Data excerpts
• • • • • • •

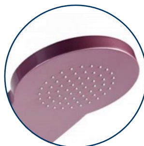
Pomme de douche intégrée

Matière : Aluminium Hauteur : 228 cm Pomme de douche effet pluie mitigeur & rince pieds inox Garantie 2 ans Disponible en 3 coloris
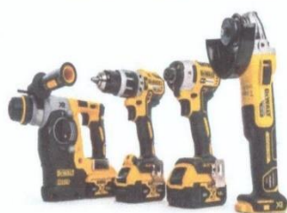
Жагсаалт №6-н зураг
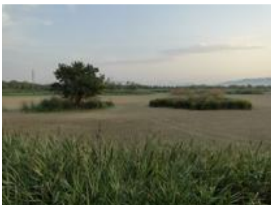
02/08/2011. Aguit de les Gantes
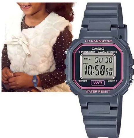
Casio Reloj para Dama / Niño LA- 20WH-8ADF CRC 19,900.00
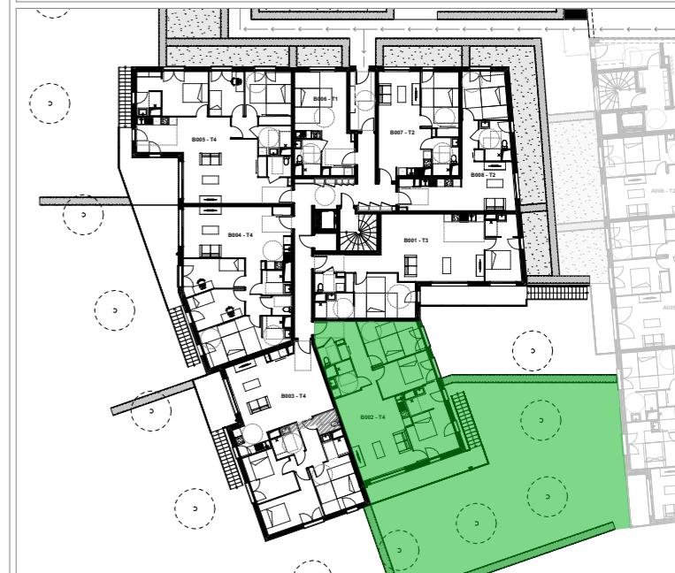
PLAN D'ETAGE ET LOCALISATION
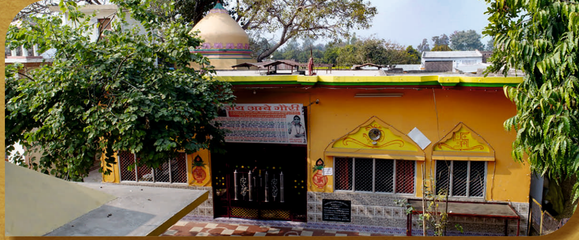
गमा देवी मंदिर, कायमगंज
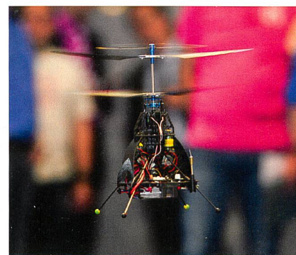
Auch Helikopter wurden in Halle A2 an der Automatica gesichtet.

Mit rund 31000 Besuchern hat die Automatica 2010 der Automatisierungsbranche wichtige Impulse für die wirtschaftliche Entwicklung gegeben. Die Automatica, internationale Fachmesse für Automation und Mechatronik, fand

• • • • • • •

- Work required: Report all lines of the data above that include the string "Pomme".

- Task solution:
Pomme de douche intégrée
Matière : Aluminium Hauteur : 228 cm Pomme de douche effet pluie mitigeur & rince pieds inox Garantie 2 ans Disponible en 3 coloris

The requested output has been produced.